I cannot see the sign error I made in step 12 Dr P

Thanks for showing so much work; that's exactly what it takes to get a good answer.

You made a sign error at step 12; and with that corrected, you can get the solution in one more step after 17.

But you did a lot of unnecessary work. Look at step 4, and use the one-to-one property of the log (or, equivalently, raise 10 to the power on each side of the equation). You'll get the solution very soon after doing that.
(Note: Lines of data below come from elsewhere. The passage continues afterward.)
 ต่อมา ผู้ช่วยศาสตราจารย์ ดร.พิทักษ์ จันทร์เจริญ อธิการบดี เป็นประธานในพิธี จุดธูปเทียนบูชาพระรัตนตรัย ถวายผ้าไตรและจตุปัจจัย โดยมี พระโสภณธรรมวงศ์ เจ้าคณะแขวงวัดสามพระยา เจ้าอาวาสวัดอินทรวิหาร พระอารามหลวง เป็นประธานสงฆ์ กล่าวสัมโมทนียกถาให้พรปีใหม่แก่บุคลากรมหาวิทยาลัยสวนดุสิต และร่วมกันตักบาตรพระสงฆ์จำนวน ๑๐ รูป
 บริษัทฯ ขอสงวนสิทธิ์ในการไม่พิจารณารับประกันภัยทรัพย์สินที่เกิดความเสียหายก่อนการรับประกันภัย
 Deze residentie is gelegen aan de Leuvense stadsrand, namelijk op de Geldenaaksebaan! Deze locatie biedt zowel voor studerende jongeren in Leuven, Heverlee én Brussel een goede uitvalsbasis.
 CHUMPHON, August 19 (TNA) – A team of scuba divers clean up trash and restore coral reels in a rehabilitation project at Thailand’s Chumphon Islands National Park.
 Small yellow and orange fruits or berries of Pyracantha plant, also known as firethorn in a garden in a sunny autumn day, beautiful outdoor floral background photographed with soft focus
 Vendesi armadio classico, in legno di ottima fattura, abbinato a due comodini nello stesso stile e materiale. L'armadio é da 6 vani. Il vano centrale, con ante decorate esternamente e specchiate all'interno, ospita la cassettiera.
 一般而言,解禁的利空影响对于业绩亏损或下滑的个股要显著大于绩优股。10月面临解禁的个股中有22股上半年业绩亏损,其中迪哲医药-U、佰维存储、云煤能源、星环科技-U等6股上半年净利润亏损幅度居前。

I cannot see the sign error I made in step 12.

Can you explain?

 

[Dr.Peterson]

I cannot see the sign error I made in step 12.

Can you explain?

You're either dividing by 3, or multiplying by 1/3. You aren't dividing by 1/3!

 

[Steven G]

Hello all

I have a really tough log problem. I need to make x the subject of the following:-

4logSqt(x) - log3x = logx^-2

I have had an attempt but I am not sure if this is correct and I could use some help.
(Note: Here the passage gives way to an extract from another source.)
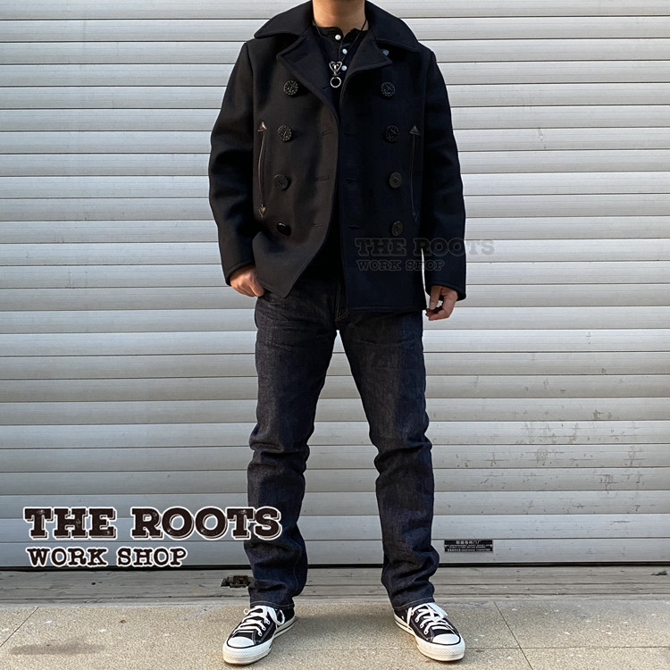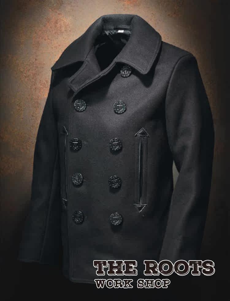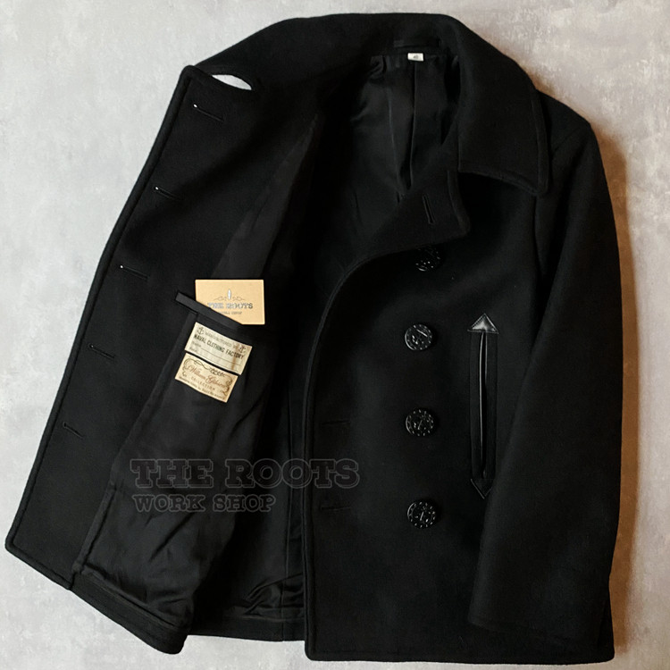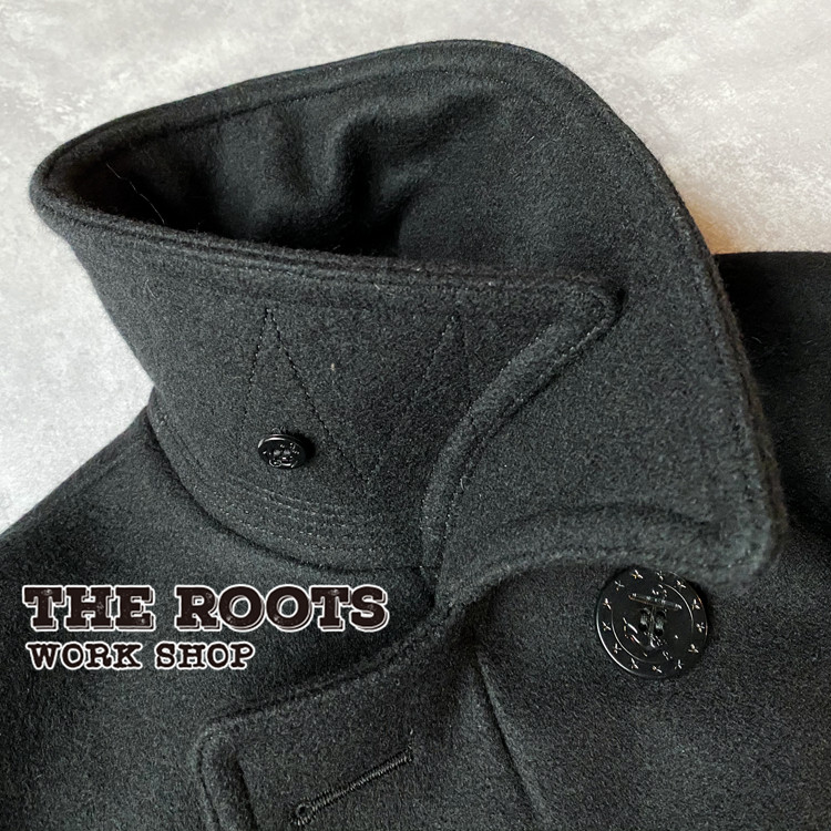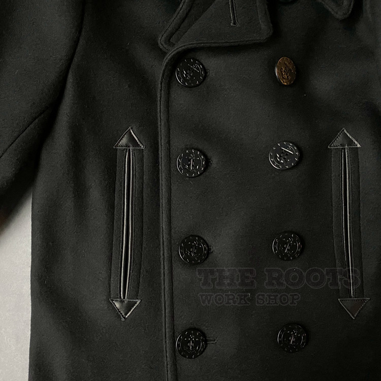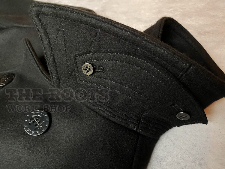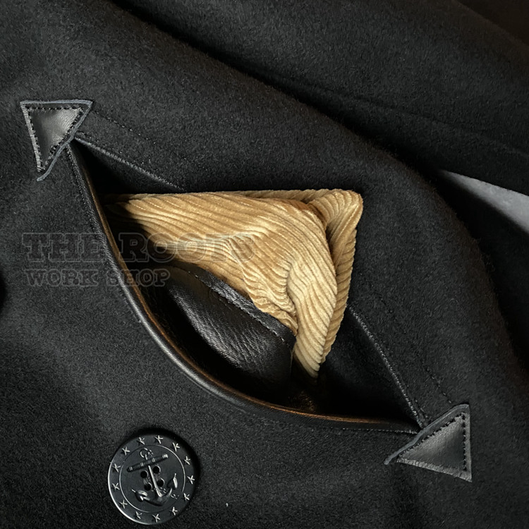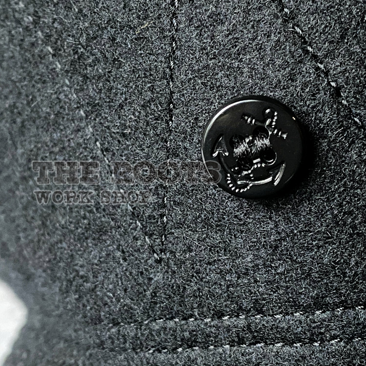 以1910s美国海军军官大衣为原型,选用36oz重磅梅顿羊毛,面料厚重挺括,13星船锚纽扣。领子大型为了在海上作业时,竖起遮住脸部对抗强风。斜插外口袋内里采用保暖性更好的灯芯绒面料。

1) 4logSqt(x) = 4logx^1/2 = logx^1/2 *4 = logx^2

2) logx^2 - log3x = logx^-2

3) logx^2 - log3x = log(x^2/3x) = log(x/3)

4) log(x/3) = logx^-2

5) logx^-2 = -2logx

6) log(x/3) = -2logx

7) log(x/3) + 2logx = 0 (add +2logx to both sides)

8) 2logx = logx^2

9) log(x/3) + logx^2 = 0

10) log(x/3) + logx^2 = log((x/3)*x^2) = log(x^3/3)

11) log(x^3/3) = 0

12) log(x^3/3) = logx^3 - log(1/3)

13) logx^3 - log(1/3) = 0

14) logx^3 = log(1/3)

15) logx^3 = 3logx

16) 3logx = log(1/3)

17) logx = (log(1/3))/3

This is as far as I get, can any spot any mistakes for give some advice.

Thank you.








log is to base 10

After step 4 you had log(x/3) = logx^-2. Since log functions are 1 to 1, you can conclude that (x/3) = x^-2.
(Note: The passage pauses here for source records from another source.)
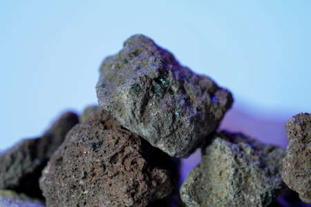 Bog iron ore, raw rock on black background, mining and geology, extraction and industrial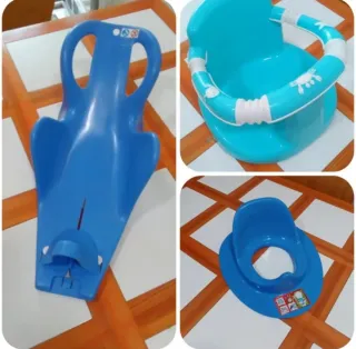 Pack de artículos para el baño y el entrenamiento del orinal de bebés y niños pequeños. Incluye un asiento de baño y un orinal. - Asiento de baño azul con barra de seguridad. - Orinal azul con base ancha.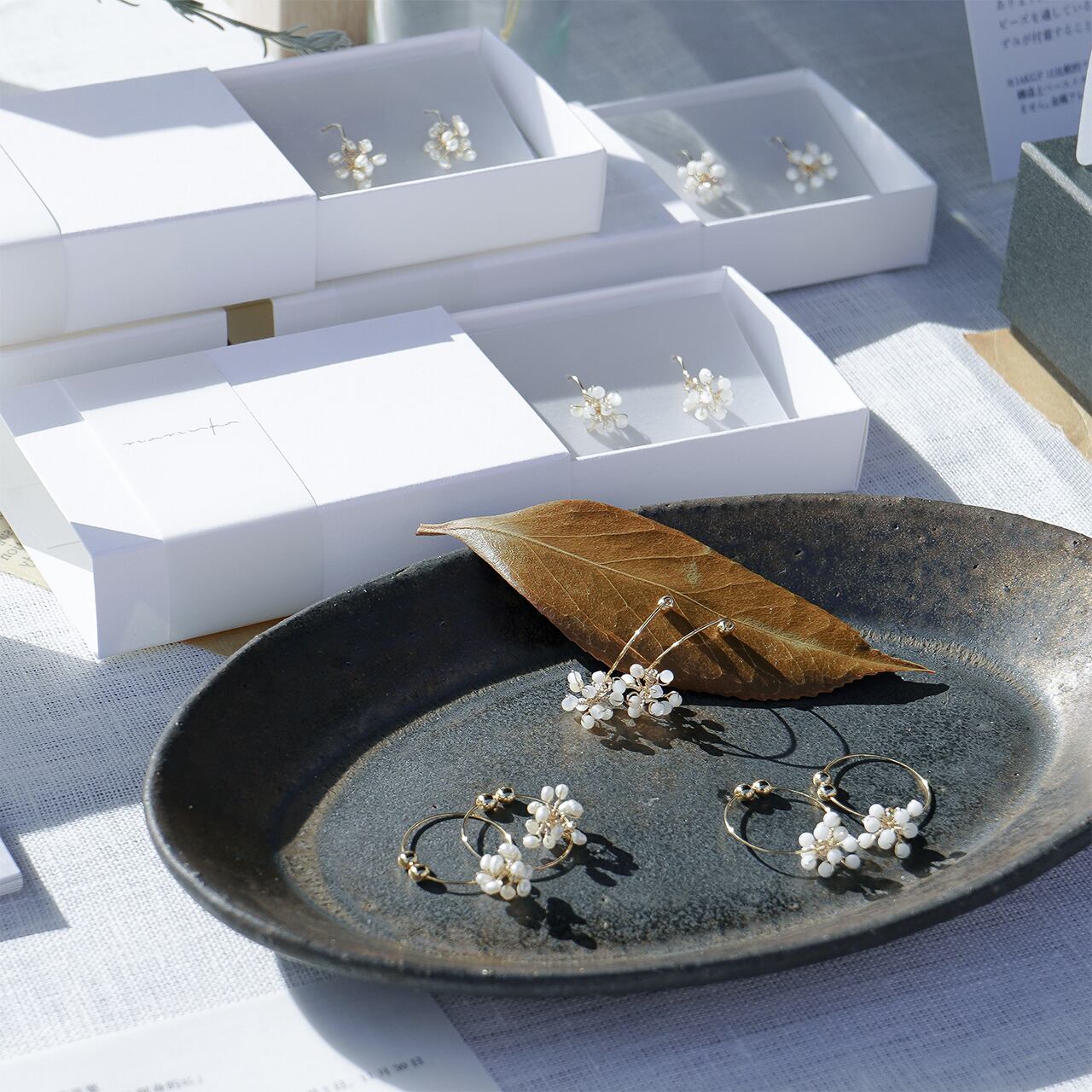 ・金具やビーズのメッキ部分などは汗や水、石鹸などでどうしても酸化してしまいます。ご着用後は乾いた布やテュッシュペーパーなどで優しく拭いていただくとより長くご使用いただけます。

Now just solve (x/3) = x^-2 and make sure that you check that the (possible) solutions you get are in fact solutions to the original equations. Why do you need to do this???

 

[lookagain]

This is as far as I get, can any spot any mistakes for give some advice.

Yes, also, you must put more complicated exponents and logarithm arguments inside grouping symbols to be correct:

New steps
-------------

4logSqt(x) - log(3x) = log[x^(-2)]


1) 4logSqt(x) = 4logx^(1/2) = logx^[(1/2)*4] = log(x^2) \(\displaystyle \ \ \ \ \ \ \) **

2) log(x^2) - log(3x) = log[x^(-2)]

3) log(x^2) - log(3x) = log[x^2/(3x)] = log(x/3)

4) log(x/3) = log[x^(-2)]

5) x/3 = x^(-2)

.
.
.

__________________


** The domains of 4logSqt(x) and log(x^2) are different, but you would be checking any candidates in he original equation, anyway.

 

[Ted_Grendy]

Thanks Dr

I cannot see the sign error I made in step 12.

Can you explain?

Thanks Dr

 

[Deleted member 4993]

Hello all

I have a really tough log problem. I need to make x the subject of the following:-
...
11) log(x^3/3) = 0

12) log(x^3/3) = logx^3 - log(1/3)

log(x^3/3) = logx^3 + log(1/3)

or

log(x^3/3) = logx^3 - log(3/1)

This is the sign error Dr.P was referring to in his post (#2).